What is required
The copy has to match the records word for word and include no pictures.

+ + + +

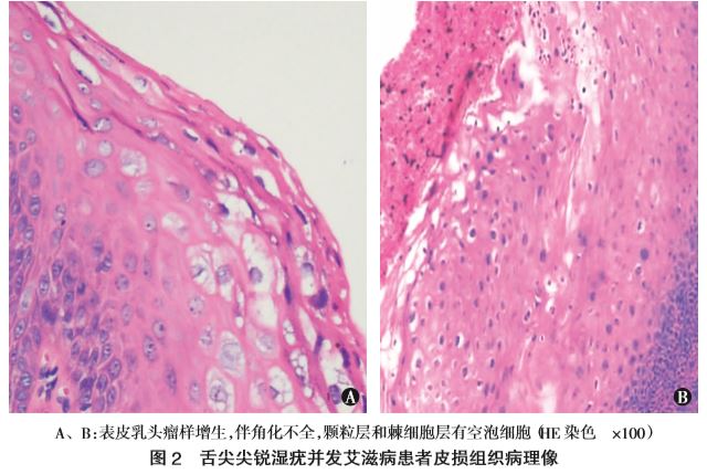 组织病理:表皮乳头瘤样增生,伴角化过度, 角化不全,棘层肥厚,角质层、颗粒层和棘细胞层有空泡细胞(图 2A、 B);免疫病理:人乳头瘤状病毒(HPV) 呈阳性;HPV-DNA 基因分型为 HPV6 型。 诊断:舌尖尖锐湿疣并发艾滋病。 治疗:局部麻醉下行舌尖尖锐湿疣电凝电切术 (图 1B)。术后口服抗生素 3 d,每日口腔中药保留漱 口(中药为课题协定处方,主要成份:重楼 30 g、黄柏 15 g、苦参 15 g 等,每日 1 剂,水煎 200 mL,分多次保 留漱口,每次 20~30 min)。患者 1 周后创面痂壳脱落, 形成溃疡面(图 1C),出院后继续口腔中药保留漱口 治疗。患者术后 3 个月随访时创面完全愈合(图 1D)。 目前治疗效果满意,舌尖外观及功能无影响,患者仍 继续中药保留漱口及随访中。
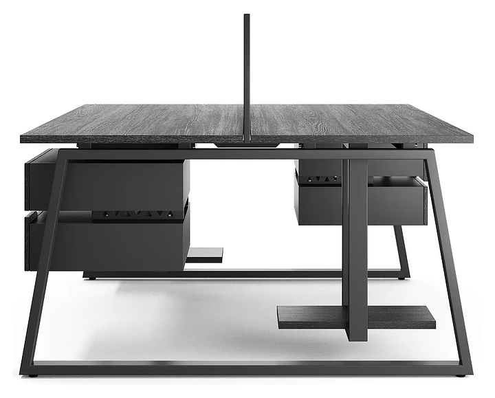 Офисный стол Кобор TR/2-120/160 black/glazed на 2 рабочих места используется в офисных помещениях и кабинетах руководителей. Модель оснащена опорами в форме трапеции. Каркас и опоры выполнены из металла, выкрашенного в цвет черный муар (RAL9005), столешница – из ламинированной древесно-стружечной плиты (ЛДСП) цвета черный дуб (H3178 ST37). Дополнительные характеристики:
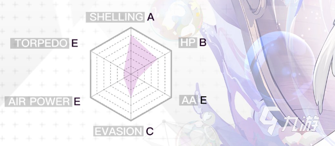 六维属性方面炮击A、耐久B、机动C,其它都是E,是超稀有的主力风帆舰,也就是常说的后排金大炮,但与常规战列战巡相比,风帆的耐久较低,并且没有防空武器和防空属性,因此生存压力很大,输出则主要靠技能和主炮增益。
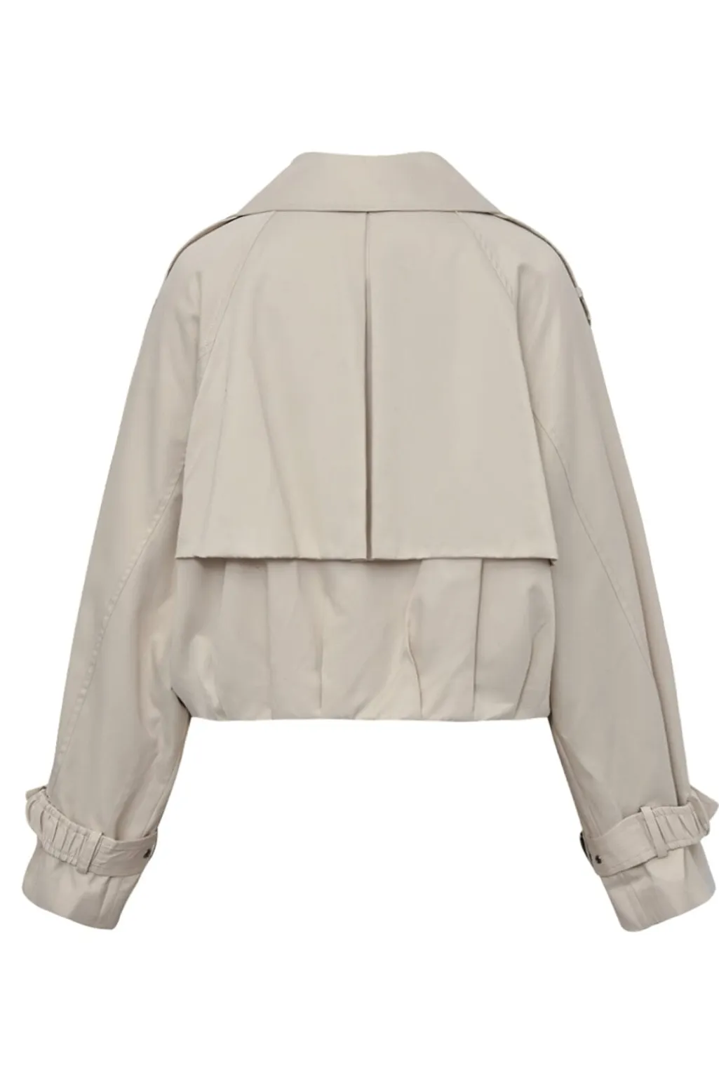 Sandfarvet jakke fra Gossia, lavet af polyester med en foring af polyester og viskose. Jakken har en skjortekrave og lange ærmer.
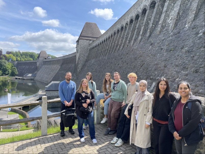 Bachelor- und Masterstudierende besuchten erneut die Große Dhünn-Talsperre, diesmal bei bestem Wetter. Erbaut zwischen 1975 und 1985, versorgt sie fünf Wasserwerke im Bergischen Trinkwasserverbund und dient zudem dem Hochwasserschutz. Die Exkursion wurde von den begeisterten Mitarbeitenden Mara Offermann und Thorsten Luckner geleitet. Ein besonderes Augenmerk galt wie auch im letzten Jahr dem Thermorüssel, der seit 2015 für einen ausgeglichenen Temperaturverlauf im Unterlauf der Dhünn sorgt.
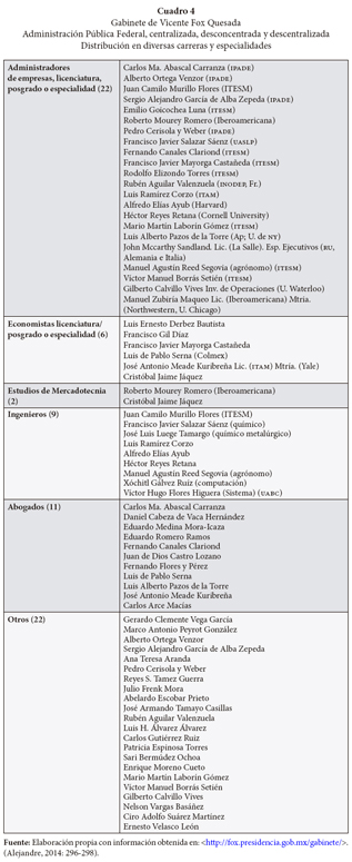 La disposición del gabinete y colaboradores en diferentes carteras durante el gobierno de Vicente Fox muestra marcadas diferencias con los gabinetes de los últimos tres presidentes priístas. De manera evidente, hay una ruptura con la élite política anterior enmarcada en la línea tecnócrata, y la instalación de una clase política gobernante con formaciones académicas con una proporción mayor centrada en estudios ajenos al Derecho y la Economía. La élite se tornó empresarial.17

+ + + +

Exercise solution
 组织病理:表皮乳头瘤样增生,伴角化过度, 角化不全,棘层肥厚,角质层、颗粒层和棘细胞层有空泡细胞(图 2A、 B);免疫病理:人乳头瘤状病毒(HPV) 呈阳性;HPV-DNA 基因分型为 HPV6 型。 诊断:舌尖尖锐湿疣并发艾滋病。 治疗:局部麻醉下行舌尖尖锐湿疣电凝电切术 (图 1B)。术后口服抗生素 3 d,每日口腔中药保留漱 口(中药为课题协定处方,主要成份:重楼 30 g、黄柏 15 g、苦参 15 g 等,每日 1 剂,水煎 200 mL,分多次保 留漱口,每次 20~30 min)。患者 1 周后创面痂壳脱落, 形成溃疡面(图 1C),出院后继续口腔中药保留漱口 治疗。患者术后 3 个月随访时创面完全愈合(图 1D)。 目前治疗效果满意,舌尖外观及功能无影响,患者仍 继续中药保留漱口及随访中。
 Офисный стол Кобор TR/2-120/160 black/glazed на 2 рабочих места используется в офисных помещениях и кабинетах руководителей. Модель оснащена опорами в форме трапеции. Каркас и опоры выполнены из металла, выкрашенного в цвет черный муар (RAL9005), столешница – из ламинированной древесно-стружечной плиты (ЛДСП) цвета черный дуб (H3178 ST37). Дополнительные характеристики:
 六维属性方面炮击A、耐久B、机动C,其它都是E,是超稀有的主力风帆舰,也就是常说的后排金大炮,但与常规战列战巡相比,风帆的耐久较低,并且没有防空武器和防空属性,因此生存压力很大,输出则主要靠技能和主炮增益。
 Sandfarvet jakke fra Gossia, lavet af polyester med en foring af polyester og viskose. Jakken har en skjortekrave og lange ærmer.
 Bachelor- und Masterstudierende besuchten erneut die Große Dhünn-Talsperre, diesmal bei bestem Wetter. Erbaut zwischen 1975 und 1985, versorgt sie fünf Wasserwerke im Bergischen Trinkwasserverbund und dient zudem dem Hochwasserschutz. Die Exkursion wurde von den begeisterten Mitarbeitenden Mara Offermann und Thorsten Luckner geleitet. Ein besonderes Augenmerk galt wie auch im letzten Jahr dem Thermorüssel, der seit 2015 für einen ausgeglichenen Temperaturverlauf im Unterlauf der Dhünn sorgt.
 La disposición del gabinete y colaboradores en diferentes carteras durante el gobierno de Vicente Fox muestra marcadas diferencias con los gabinetes de los últimos tres presidentes priístas. De manera evidente, hay una ruptura con la élite política anterior enmarcada en la línea tecnócrata, y la instalación de una clase política gobernante con formaciones académicas con una proporción mayor centrada en estudios ajenos al Derecho y la Economía. La élite se tornó empresarial.17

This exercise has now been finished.